Ho visto molte strade d’Europa prima di avere vent’anni. Poi sono stato a Goa, a Taos, a Eshfahan, ho visto grandi architetture antiche, udito suoni estinti, bevuto e mangiato con le mani l’offerta di silenziosi ospiti dagli sguardi eloquenti quanto discreti. So di avere compiuto un cammino privilegiato al quale ho tentato di restare fedele, offrendo da mangiare ad ogni visitatore, rispettando ed amando le regole del canto intonato, ritmato nel tempo. Ho allevato bambini e continuo a farlo.

Viaggiare attraverso il mondo è sempre stato una follia. Troppe le dispersioni, troppe le inefficienze di una vita da viaggiatore, eppoi attraversando lo spazio il tempo accelera, e la vita è già troppo corta. La mia esistenza si svolge fra la stanza dei bambini e la cucina, ed è perfetta così. L’orto dovrebbe forse essere più grande, per avere la possibilità di lasciar entrare la vita selvaggia, ma anche l’ordine e la pulizia sono benedizioni del cielo.

Sono abbastanza vecchio da sapere di aver sprecato molto tempo, senza aprirmi ad una esperienza sufficiente e nemmeno ad una intelligenza degna, ma so che valore ha il mondo, so che valore ha per i suoi abitanti.

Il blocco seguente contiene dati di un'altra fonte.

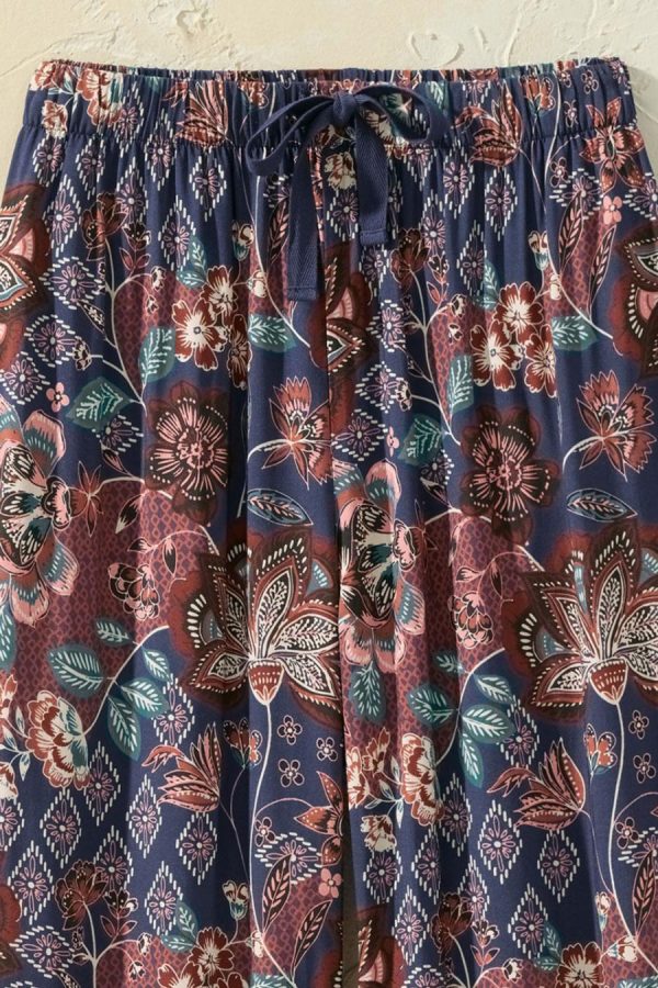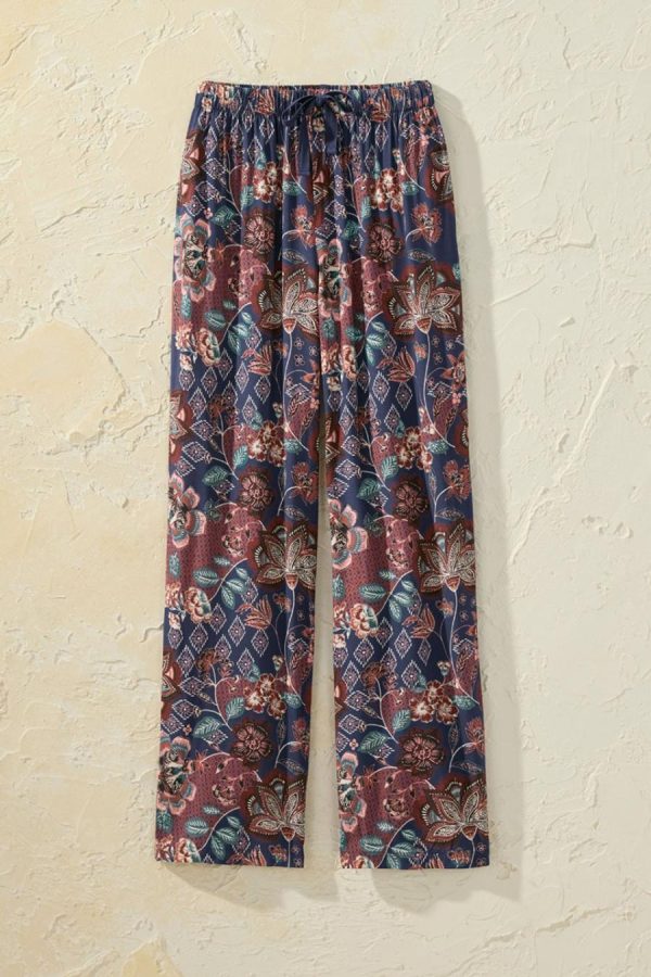 Easy, lightweight pants for any day of the week, patterned with a mix of artful florals and subtle geometrics. Pull-on style is smooth and drapey, with an elastic drawstring waist and on-seam pockets.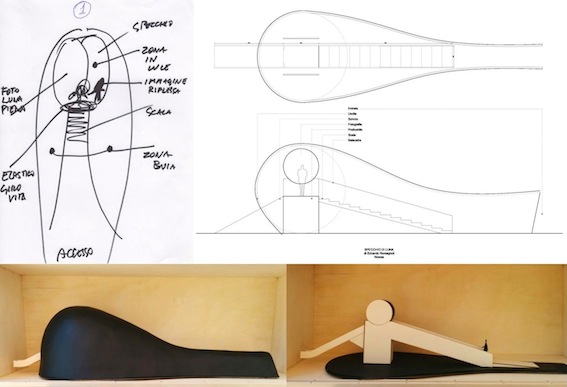 Ho creato due progetti per cercare di ricreare a chi vuole partecipare, un assaggio di emozione di quello che potrebbe essere andare sulla luna. Quello esposto da Sabrina Raffaghello a Milano è un modellino, realizzato da un giovane architetto che nella struttura finale dovrebbe essere di 16 metri. Si compone di un corridoio d’ingresso buio con una rampa dove si sale fino ad arrivare a un piccolo ripiano e lì, a sinistra, c’è una foto della luna piena di due metri di diametro e la vorrei retroilluminata e quindi luminosa. Sulla destra invece c’è uno specchio di due metri di diametro. E il visitatore, se guarda a sinistra, vede la luna piena e se guarda a destra, vede se stesso sulla luna piena. Il titolo è Specchio di luna. E, per tornare sulla terra e abbandonare la luna, ho pensato a uno scivolo.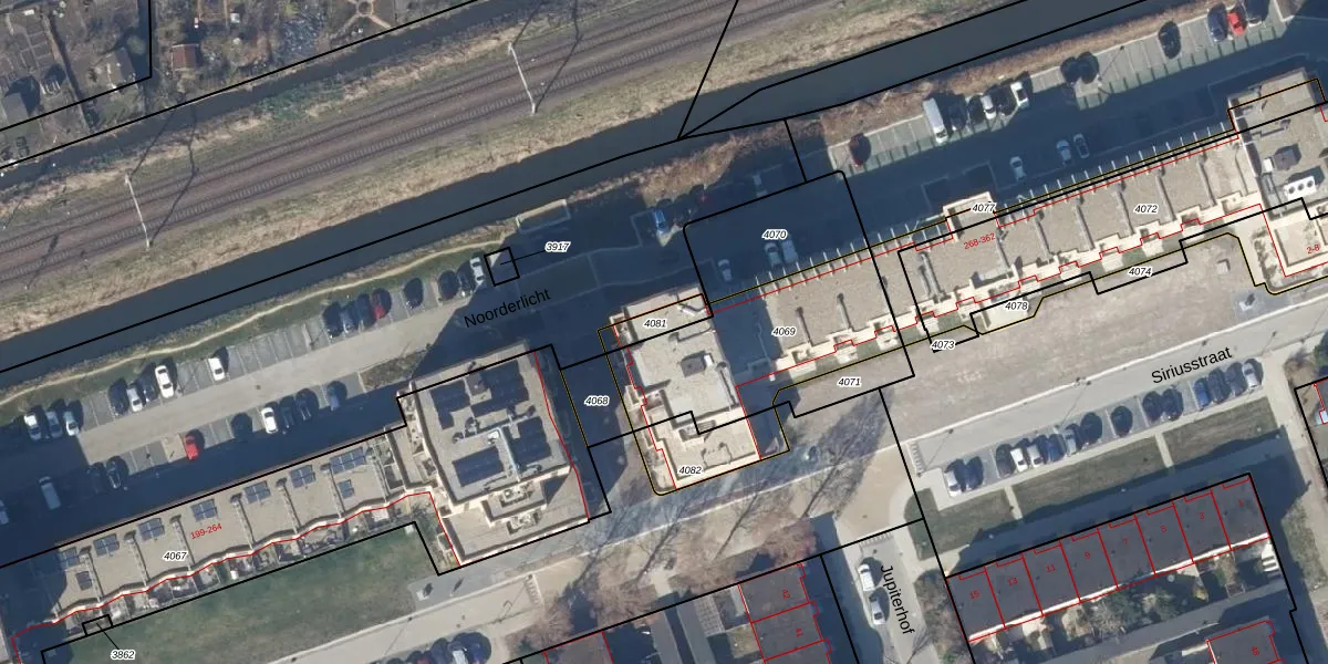 Het perceel waarop Noorderlicht 281 staat heeft een oppervlakte van 63 m². Dit is een klein perceel. De perceeloppervlakte wordt geregistreerd door het Kadaster. Gedetailleerde informatie over de maten van dit perceel kunt u vinden in het rapport Kadastrale kaart met maatvoering van Noorderlicht 281.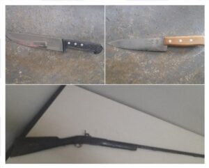 Além da arma, os policiais também encontraram em poder do suspeito um bornal contendo duas facas, além de: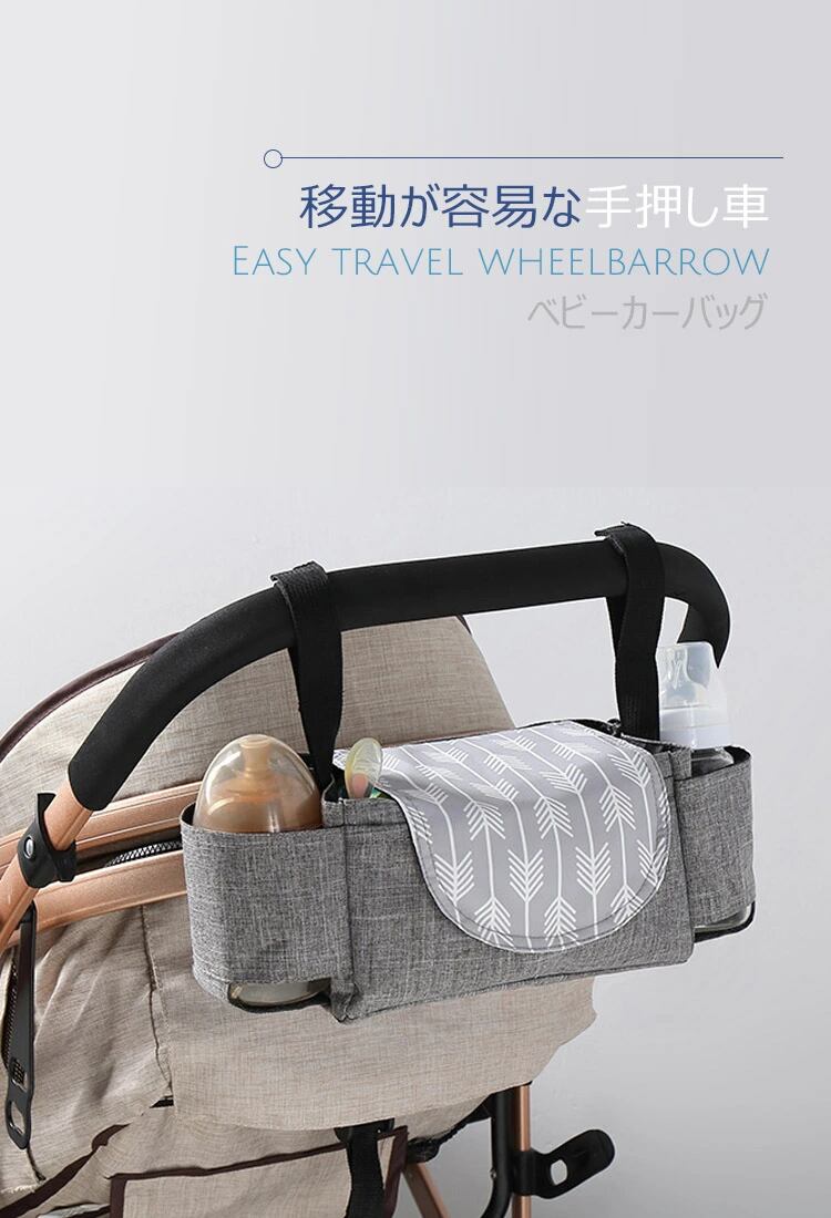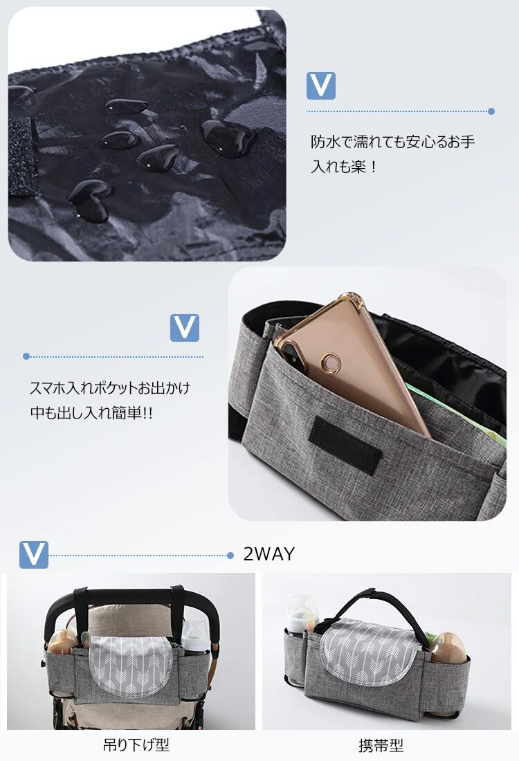 ベビーカーバッグ ベビーカー用バッグ 小物入れ マザーズバッグ ベビーカー収納 ベビーカー用 収納 2way おしゃれ かわいい 折りたたみ ドリンクホルダー ポケット付き スマホ 哺乳瓶 ウェットティッシュ ガーゼ 鍵 多機能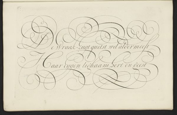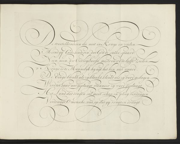 Curator: Looking at this work titled "Schrijfvoorbeeld: Wie kruypt nog met syn Zinnen (...)" by Bastiaan Boers, dating from 1660 to 1751, it strikes me as a fascinating exploration of the relationship between language, craft, and artistic expression within the context of Baroque aesthetics. Editor: Whoa, talk about swirls! It feels like I'm looking into the eye of a gentle, calligraphic hurricane. Does anyone else get a feeling like words are trying to dance their way off the page? Curator: Exactly! Boers utilizes ink on paper not merely as a vehicle for text, but elevates the very act of writing to an art form. Think about the social function too. Calligraphy was tied into systems of knowledge, record keeping, but here it borders pure artistry. The work itself tests those neat distinctions. Editor: I dig that. It reminds me a little of those illuminated manuscripts, but without the pressure of feeling overtly religious or serious. I'm almost getting the vibe that Boers was scribbling for pure joy of it all! Did you happen to notice the lines between letters? They create the feeling of one giant chain. Curator: A playful mood definitely comes across. The materials speak volumes about the possibilities present even with constrained means. Here the relationship between maker, the readily available materials, and the function all fuse. It isn't fine art meant to be hung high, but it is valued labor. Editor: It’s true, isn’t it? Each swoosh, each delicate curve, is a tiny testament to his patience and precision. When you step back and think about all that focused intention, it adds a whole other layer of... reverence, I suppose? Like, look how lovingly the creator has formed each stroke. Curator: Precisely! And beyond the aesthetics, this showcases the broader understanding of 'art' at the time and its interaction with material culture and pedagogical techniques that circulated around that area of Europe at that moment. I wonder who handled this next and in what condition? Editor: It's pieces like this that makes me think of history less as a timeline and more as an ecosystem. Curator: I agree wholeheartedly. Viewing it through the lens of labor, the relationship to commodity, this offers fresh perspective. Editor: Alright, I think my heart has fully merged with the page now. Thanks! Curator: Likewise, a fascinating exploration through focused looking.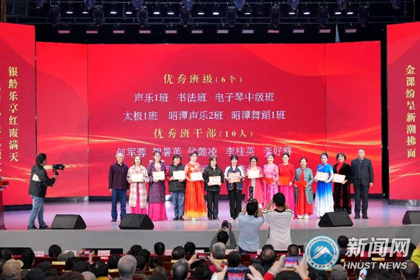 老年大学开展了2024-2025学年总结表彰暨教学成果展示活动,报告了2024—2025学年工作情况,宣读了2024—2025学年优秀教师、优秀班级、优秀班干部和优秀学员的表彰决定。优秀教师代表王莎莎、优秀班干部代表李桂英分别发言。与会领导为获奖个人和集体颁奖。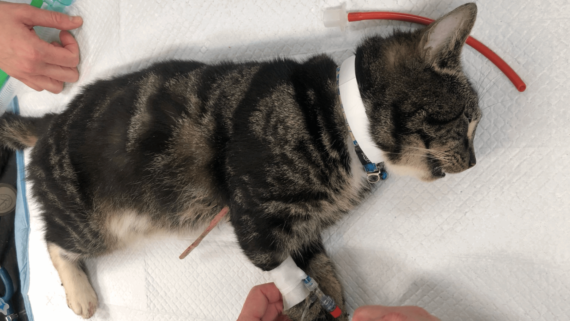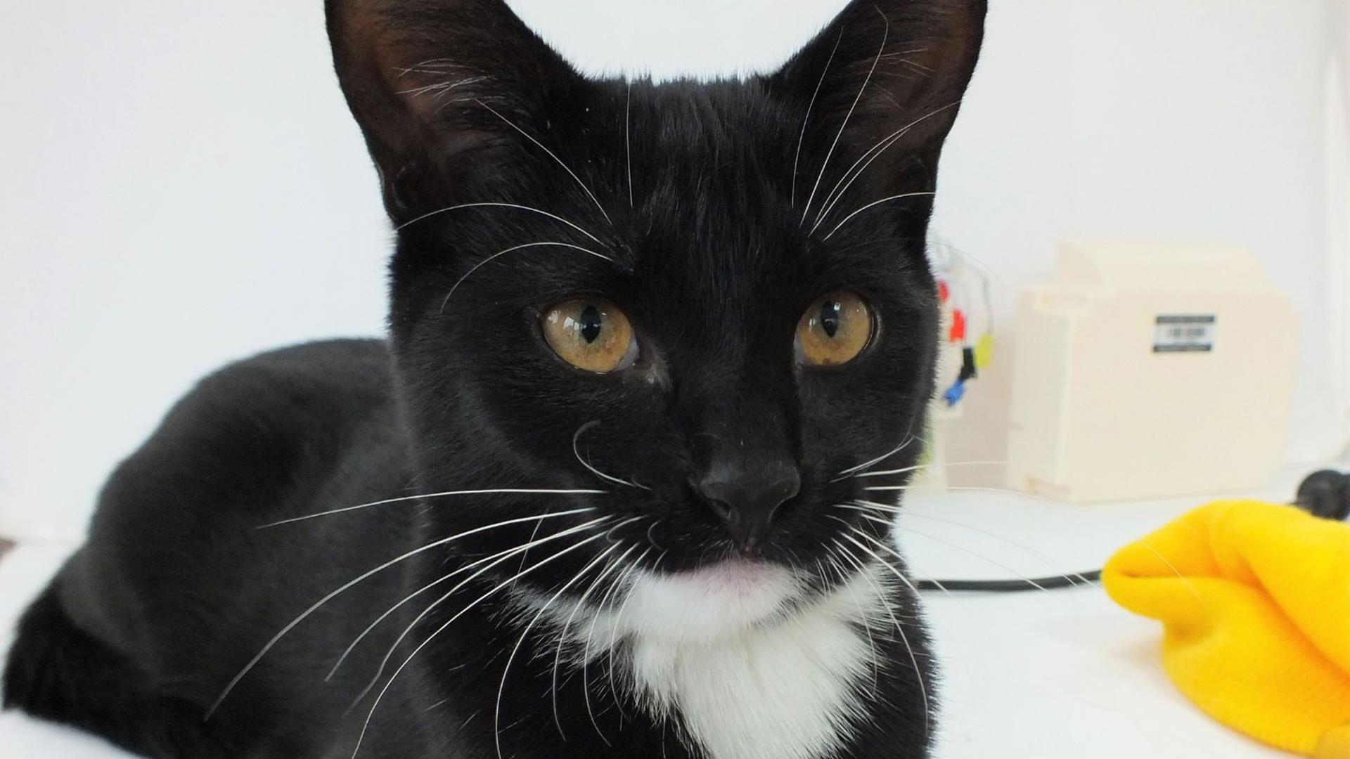 A three-year-old cat, Shadow, needed urgent treatment at Thamesmead PDSA Pet Hospital after becoming impaled onto a ten-inch-long bamboo stick.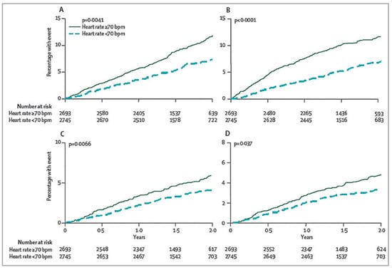 Kaplan-Meier time-to-event plots split by heart rate for (A) cardiovascular death, (B) admission to hospital for heart failure, (C) admission to hospital for myocardial infarction, and (D) coronary revascularisation. Reprinted from Fox et al. [], with permission from Elseuier.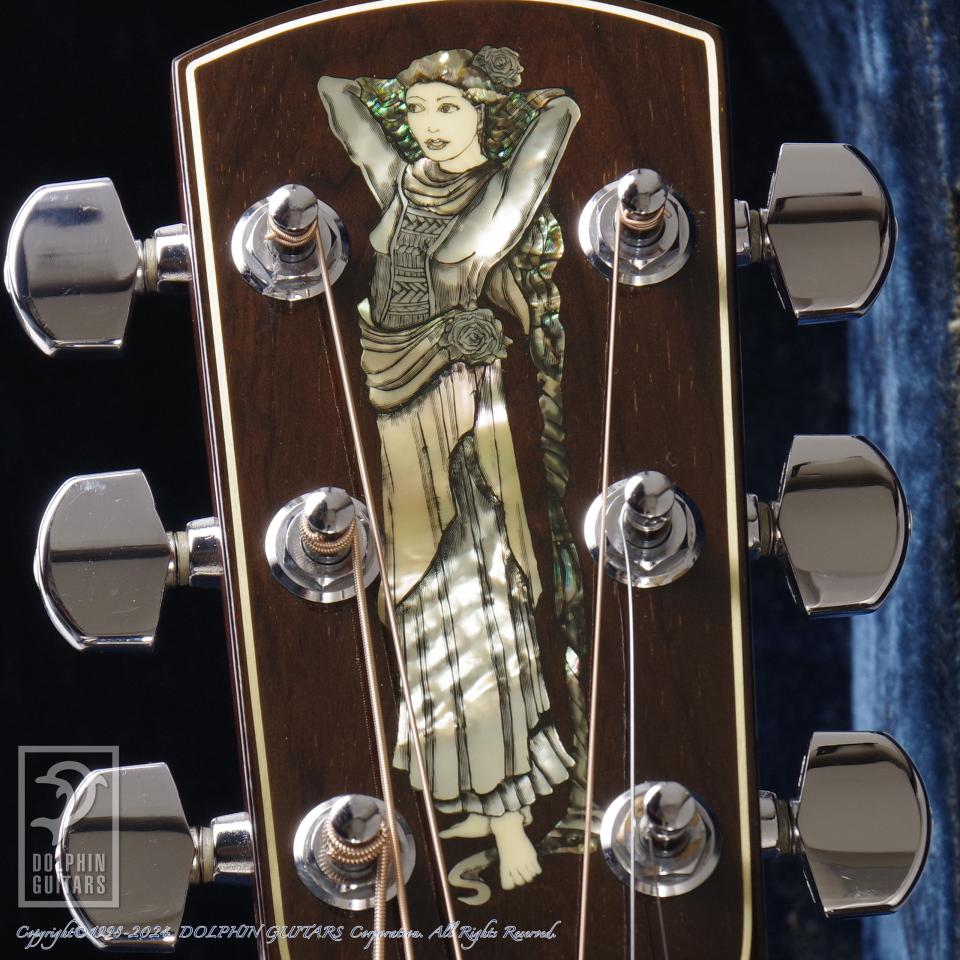 ヘッドの"ローズレディ"インレイ、指板のトーチインレイなど煌めくアバロンの散りばめられた美しい一本。

Ogni viaggio è una peregrinazione verso il proprio cuore, cammino infido e carico di accidenti inaspettati, così come di trappole in cui desideriamo cadere. Ogni mondo è una mappa della nostra nozione dell’universo, e nel mondo siamo irrilevanti.

La mia lunga pratica seduto per terra mi ha insegnato due cose: il mio corpo è sempre esteso oltre la mia capacità di visione e la speranza è sempre abbastanza vicina da tendermi la mano. Resto in esercizio, nelle mie quotidiane faccende, abbastanza da tenere la mente occupata ed il cuore flessibile. Ma non c’è più nulla che il mondo fuori dal mio giardino può fornire che sia utile a prepararmi alla morte. Le poche foglie che il vento porta bastano per il mio fuoco.